■ Required action:
Count the lines in the records below that contain the word "Australia", and give only that count.

╭─ Data supplied

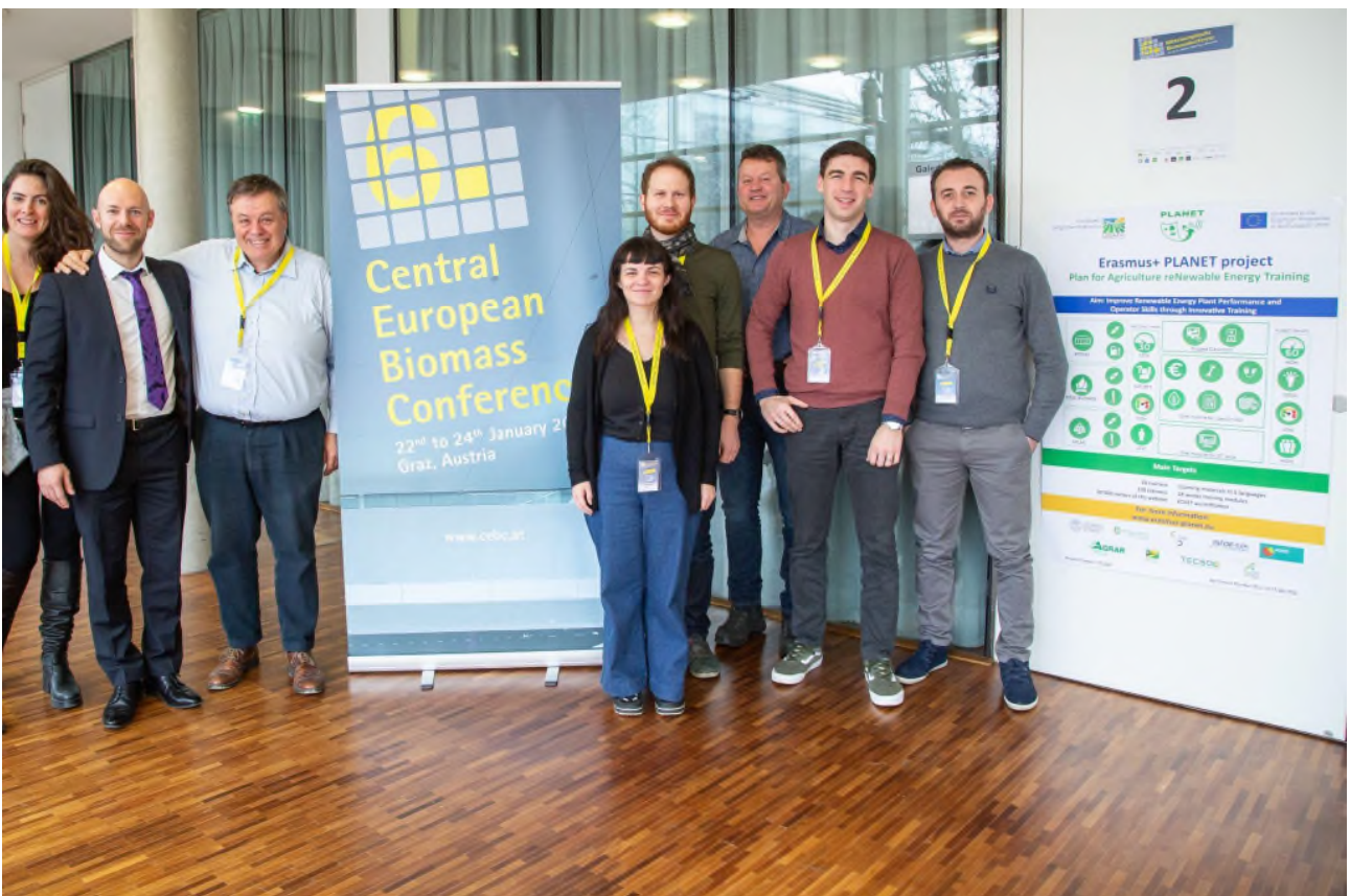
PLANET Meeting at the central european biomass conference
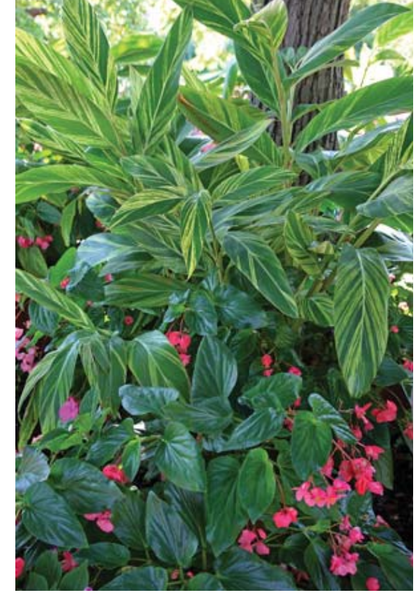
Variegated shell ginger in a mixed planting.

G r o w variegated g i n g e r outdoors in rich, moist soil with lots of organic matter in full sun to part
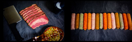
CURED DELI MEATS

Aside from supply of standard meat items, our added value range is the difference maker.
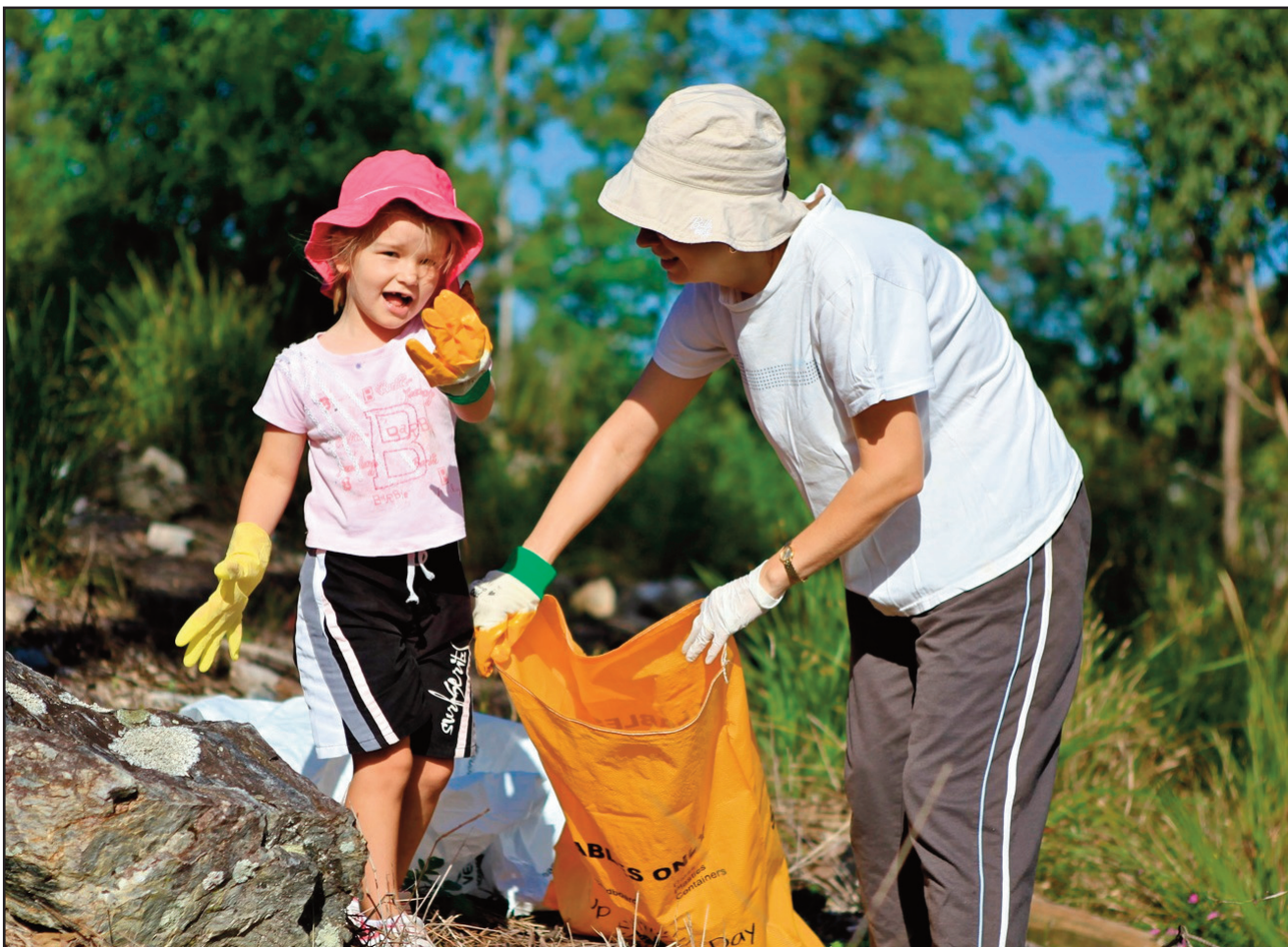
Help clean up Queanbeyan this Sunday as part of national Cleanup Australia Day. For details, visit www.qcc.nsw.gov.au .

If you would like to volunteer on Clean Up Australia Day 2 March please register on line at www.cleanupaustraliaday.org.au and find a site near you.

╰─

■ Response for this exercise:
2